Family Fears Stray Juarez Bullets Could Reach West Side El Paso Neighborhood
Maria Orozco and her husband play with their 14-month-old daughter in the front yard of their Sunset Heights home.
But family fun turns into cautious concern when Orozco talks about the violence across the border.
“It’s kind of not safe and especially because we have the baby,” she said.
The Orozco’s home and many others on their street face the U.S. border with Ciudad Juarez, Mexico.

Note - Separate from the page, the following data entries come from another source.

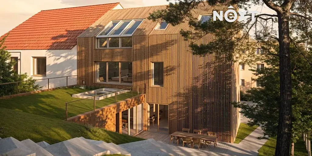 - autentické prvky původní stavby v kombinaci s moderní architekturou
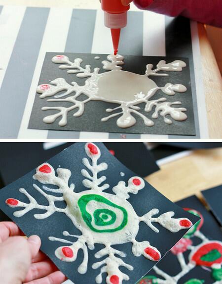 Мамы знают, как делать соленое тесто. Смешайте в одинаковых пропорциях муку, воду и соль. Налейте смесь в удобную емкость с дозатором (подойдет даже бутылка из-под кетчупа или пустая бутылка из-под жидкости для мытья посуды). Нарисуйте на бумаге снежинку, а если хотите ее украсить цветными деталями, добавьте в соленое тесто несколько капель пищевого красителя. Все готово! Нет, подождите! Теперь положите рисунок в микроволновку на 30 секунд, установив высокую мощность. Снежинка станет твердой и объемной. Вот теперь все!
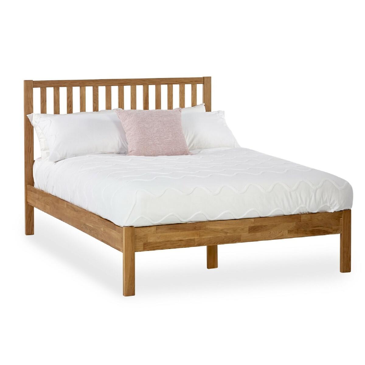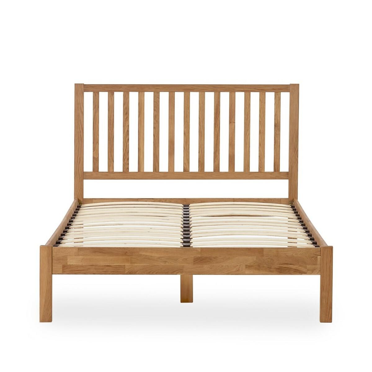 Elevate your bedroom with the Coxhead Bed, seamlessly blending comfort and style. Crafted from solid oak with a warm finish, this bed features a stunning paneled oak headboard that adds an element of elegance and texture to your space. Its clean, simple lines offer versatility, allowing it to harmonize beautifully with both modern and traditional decor. Designed for durability and long-lasting comfort, assembly is quick and straightforward, so you can enjoy your new bed with ease. Product details• Solid oak construction• Panelled headboard• Full assembly required• 1 Year manufacturers warranty. Product Composition - 99% wood, 1% metal. Product Dimensions Double 145 cm x 196 cm x 110 cm , Weight - 31.4 KGKing 160 cm x205 cm x110 cm , Weight - 34.3 KGPackaged Dimensions. Double:Package Dimensions - 153 cm x 119 cm x 9 cm, Weight 17.8 kg. King:Package Dimensions - 190 cm x 167 cm x 9 cm, Weight 21.5 kg. This product will be dispatched by one of our trusted suppliers. You’ll be contacted by their selected courier about your delivery. Please note: this product cannot be delivered to all Offshore Islands, Northern Ireland or Republic of Ireland.
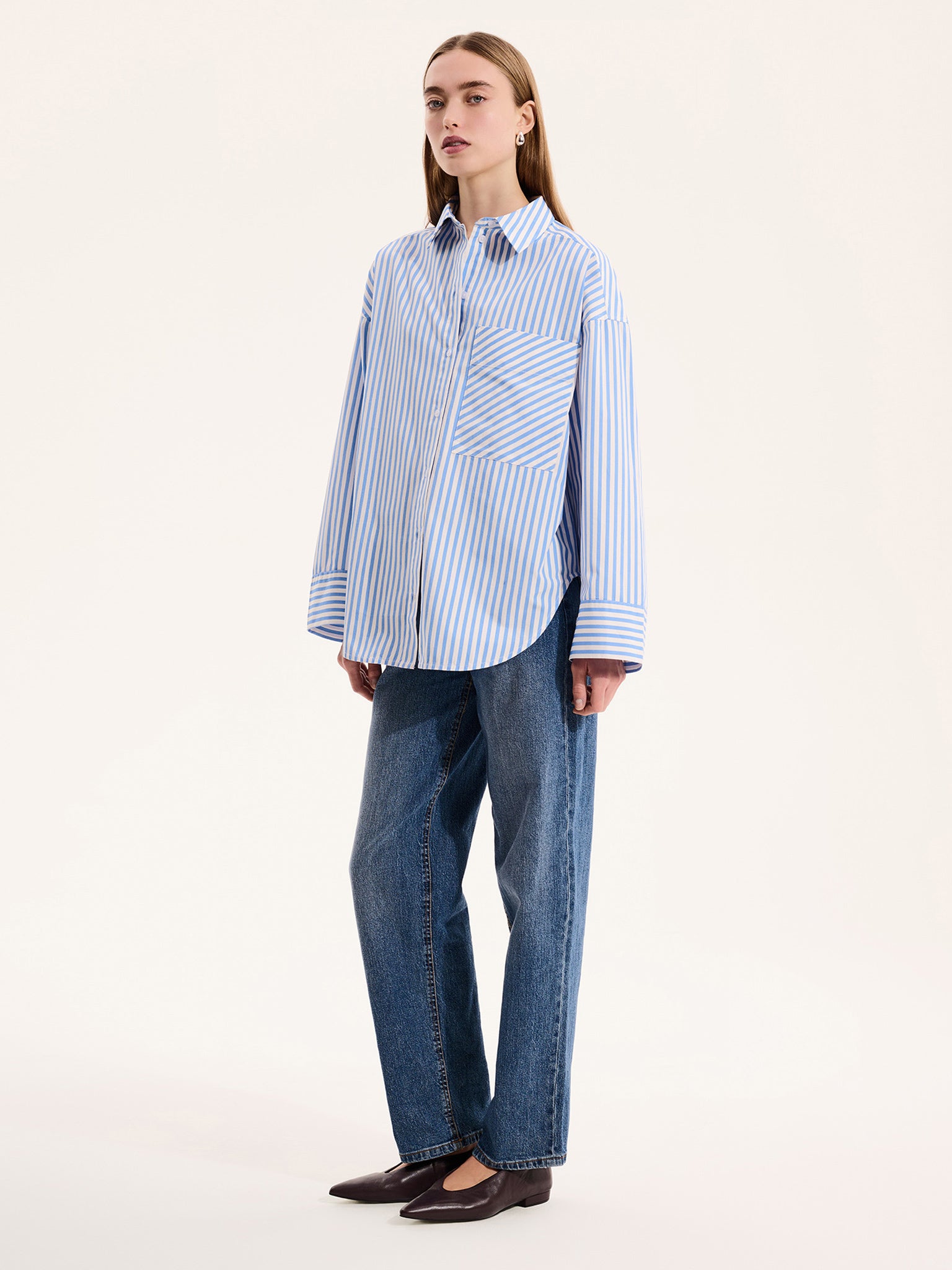 Kendra is a classic overshirt offering effortless style. Inspired by painter’s smocks, embrace your artistic spirit with this lightweight ethical cotton shirt. The wide cuffs are designed with an adjustable button so you can cinch them in or keep things breezy and the oversized pocket adds a little something extra to the blue pinstripe pattern.
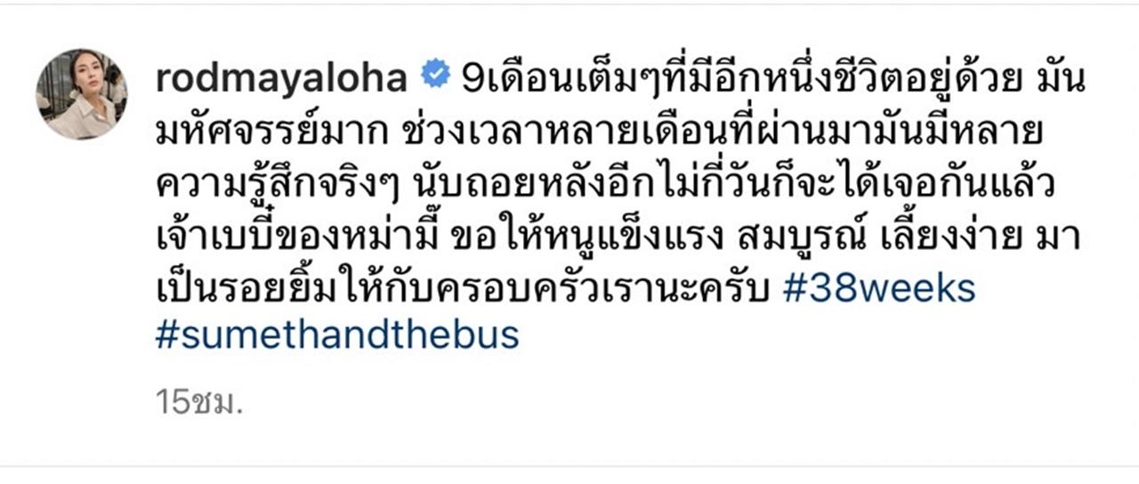 "9เดือนเต็มๆ ที่มีอีกหนึ่งชีวิตอยู่ด้วย มันมหัศจรรย์มาก ช่วงเวลาหลายเดือนที่ผ่านมามันมีหลายความรู้สึกจริงๆ นับถอยหลังอีกไม่กี่วันก็จะได้เจอกันแล้วเจ้าเบบี๋ของหม่ามี๊ ขอให้หนูแข็งแรง สมบูรณ์ เลี้ยงง่าย มาเป็นรอยยิ้มให้กับครอบครัวเรานะครับ #38weeks #sumethandthebus"
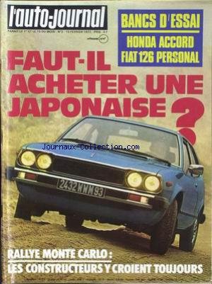 Descriptions AUTO JOURNAL (L') [No 3] du 15/02/1977 - HONDA ACCORD - FIAT 126 PERSONAL - LES JAPONAISES - RALLYE MONTE CARLO. livreHONDA ACCORD - FIAT 126 PERSONAL - LES JAPONAISES - RALLYE MONTE CARLO. .

Saturday afternoon they got a full view of the shootout between gunmen and municipal and federal police some 25 to 50 yards from the river banks.

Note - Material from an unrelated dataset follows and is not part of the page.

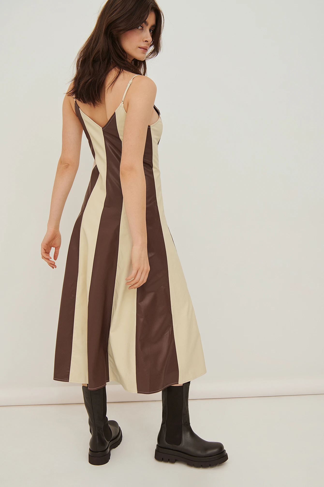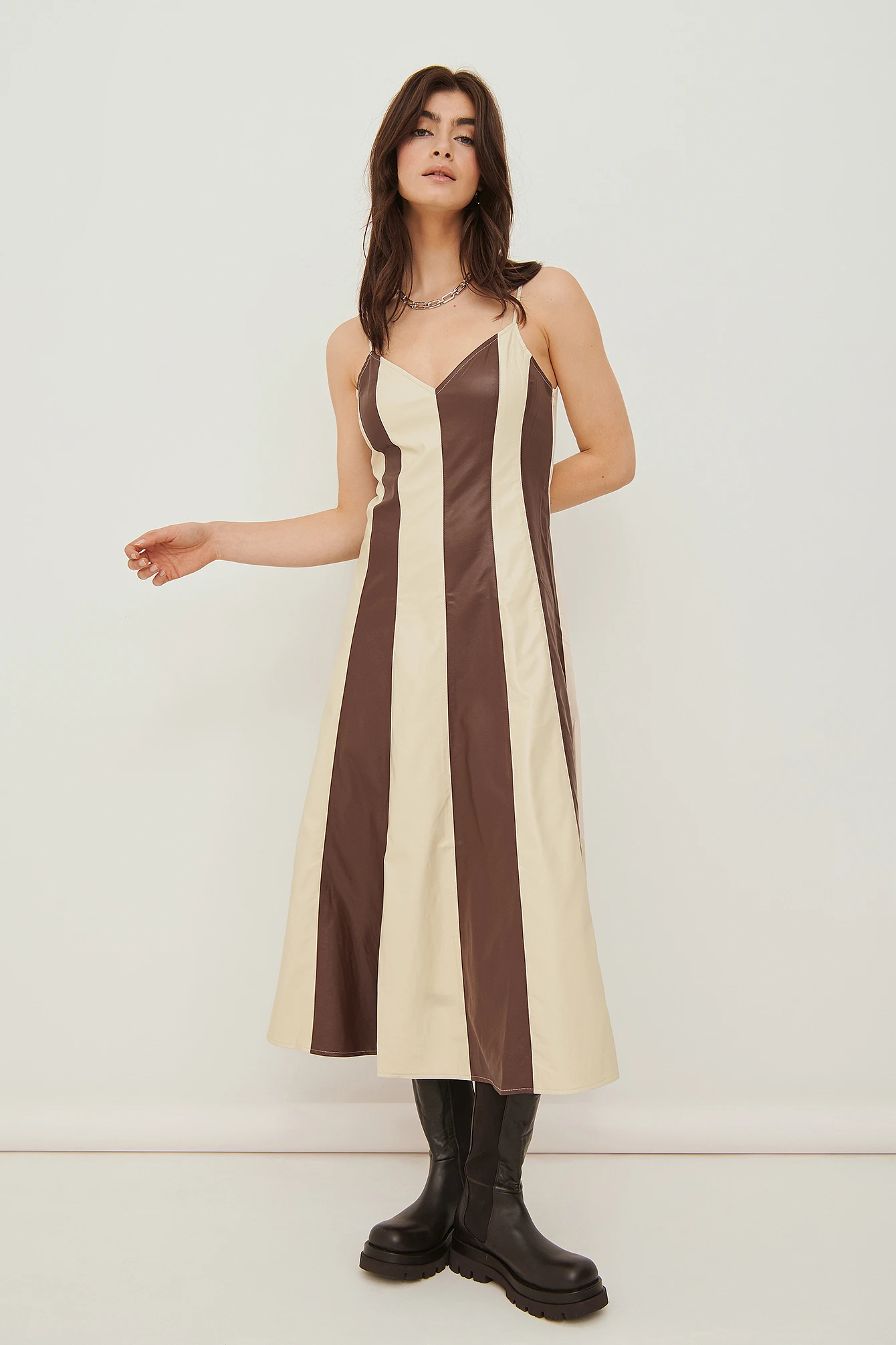 Cette robe midi a un col en V, des bretelles fines, un motif à couleurs contrastées, une matière en similicuir et une coupe fluide.
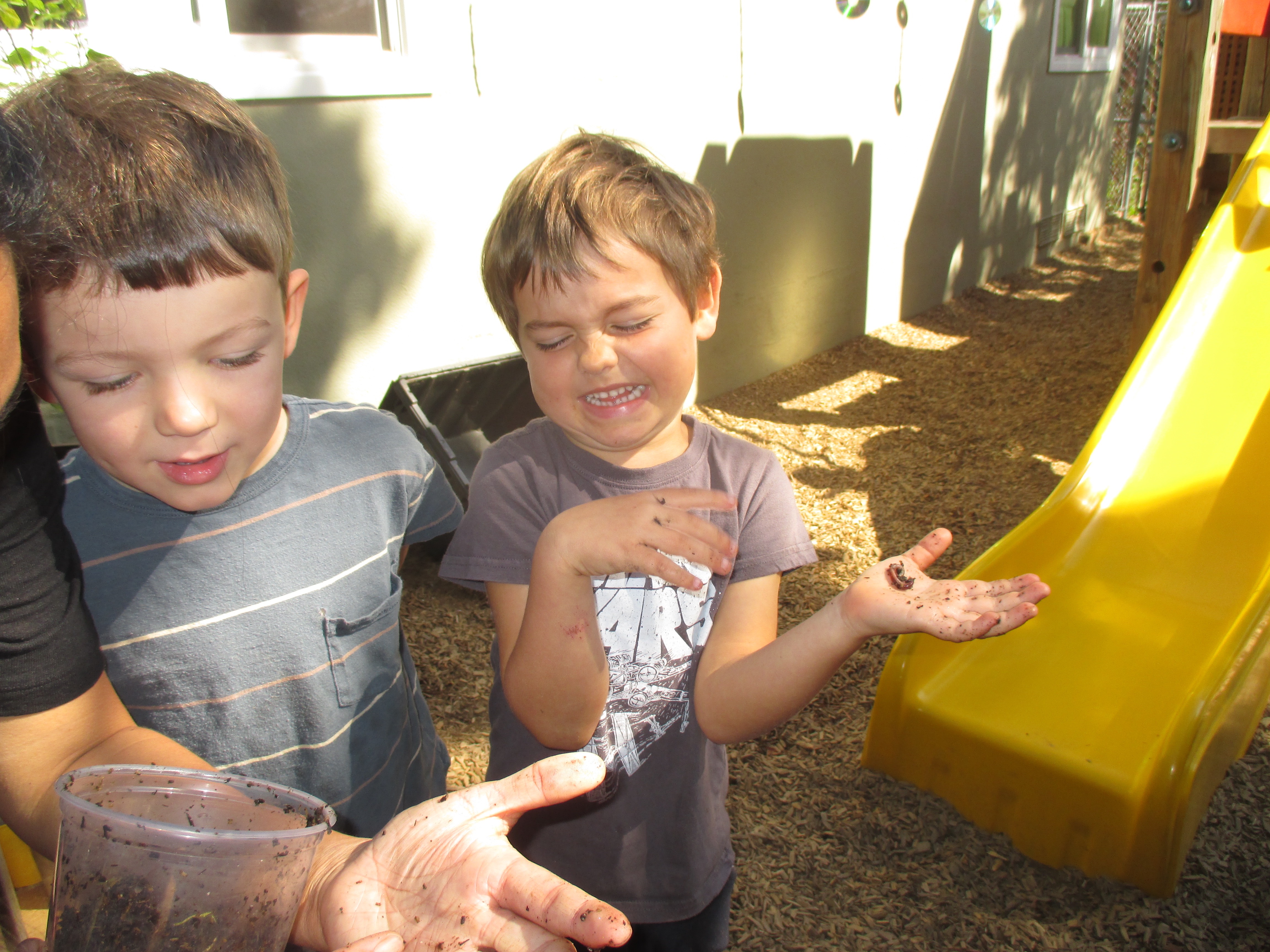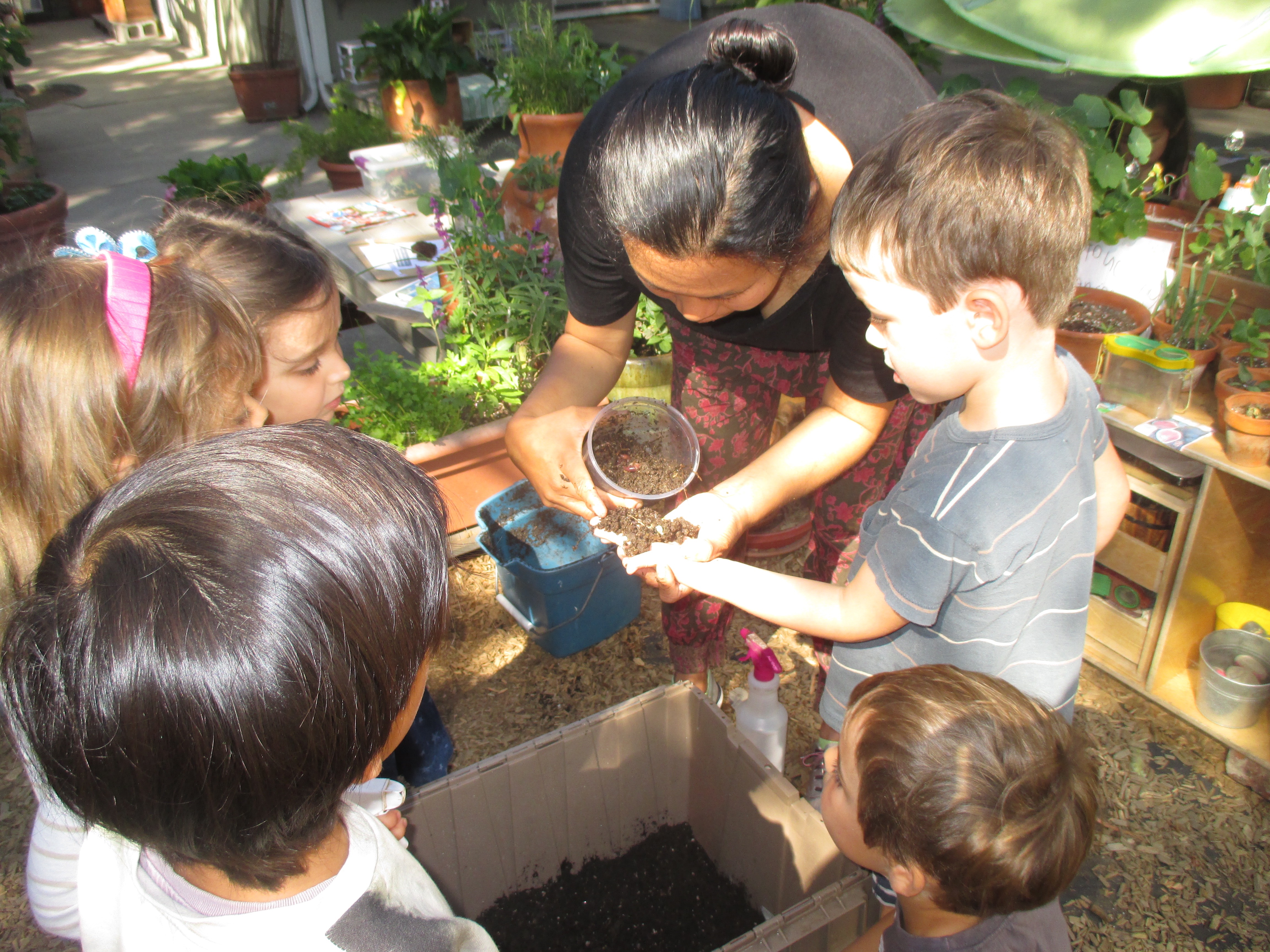 As the Front Yard area is getting more care and love from the children, the teachers are noticing their deep interest in bugs. With this in mind, the teachers thought a worm compost bin would fill in the circle from compost to edible foods.

According to Ramon Salinas, a spokesman for Mexico’s federal police, gunmen attacked a municipal police patrol on a boulevard in Ciudad Juarez next to the border river. Federal police came in to help in the 30-minute shootout. One gunman was killed and three municipal police officers were wounded.

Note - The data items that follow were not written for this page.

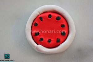3. حالا باید با خمیر مشکی یک نوار باریکی درست کنیم تا بتونیم ازش برای تخم هندونه استفاده کنیم.
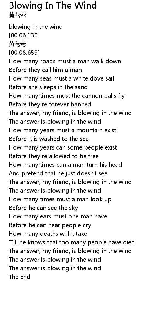 | [00:48.670] | The answer, my friend, is blowing in the wind |
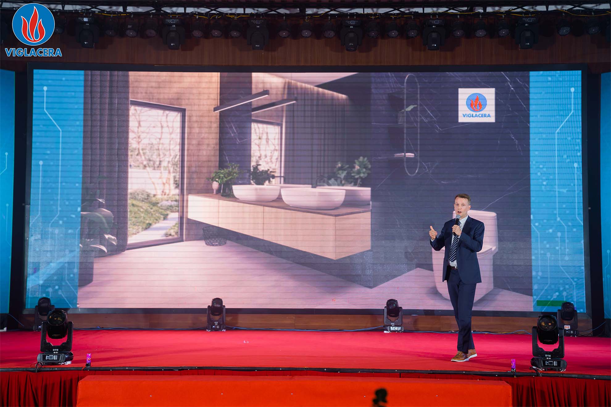 Ông Johannes Heikkila – Giám đốc phát triển thương hiệu & hợp tác quốc tế, phát biểu về xu hướng hội nhập của Viglacera và các thành tựu thông qua sự hợp tác quốc tế
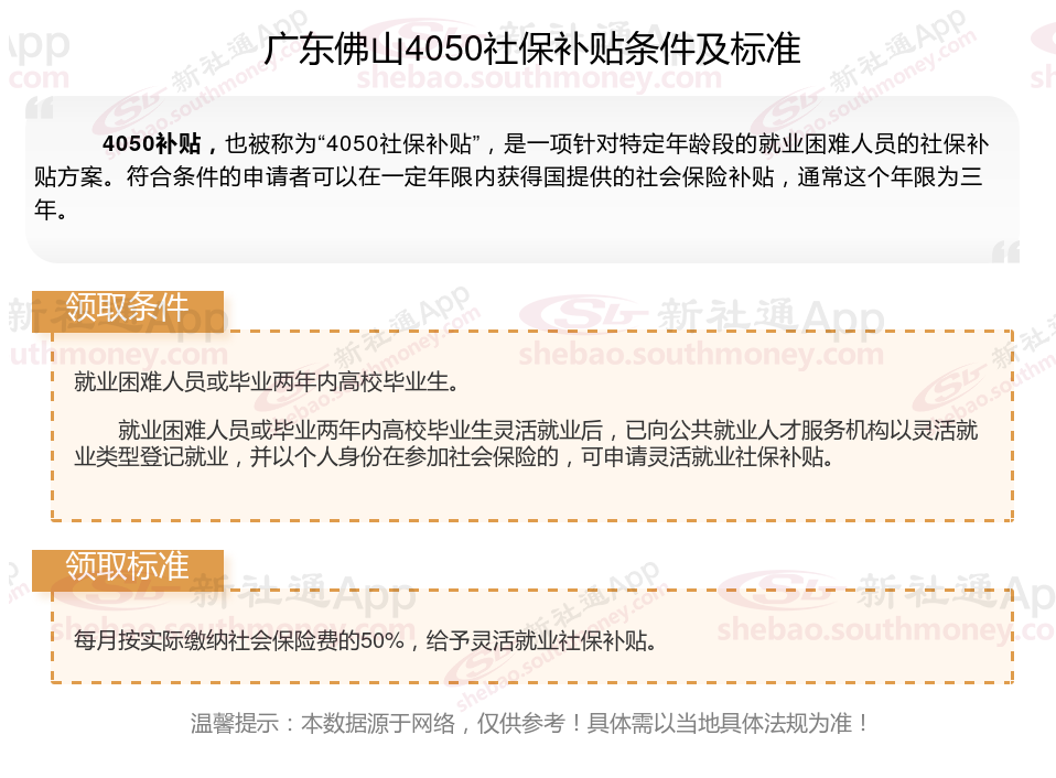 二、2023-2024年广东佛山4050社保补贴标准,最新领取条件来了

Orozco’s husband said the sound of the gunfire went far beyond the scene of the shootout in Juarez.
“It sounded like ‘ba ba ba ba ba,'” said Alejandro Alegabera. He said he and several other neighbors went outside to watch the action unfold from their front yards.
Law enforcement agencies on this side of the border sprang into action to protect El Pasoans. Doug Mosier, a spokesman for the Border Patrol, said Paisano Street was closed for about 30 minutes “in the interest of public safety.”
Police in some areas also issued warnings to onlookers, at one point telling them to take cover.
“If the police tell you that the bullets could fly over here, ay no. It’s something to think about,” said Orozco.
“(Saturday, police) were telling my husband a car won’t stop the bullet. He doesn’t put the car in front anymore. He puts it in the driveway because he’s scared something might happen,” she said.
Orozco added that other Sunset Heights families have moved in the last few years, afraid the escalating violence could inch closer to their doorsteps.
“We are the only ones that have lasted the longest,” she said. “The rest, they rent and then they leave. We pray to God that nothing happens to us”.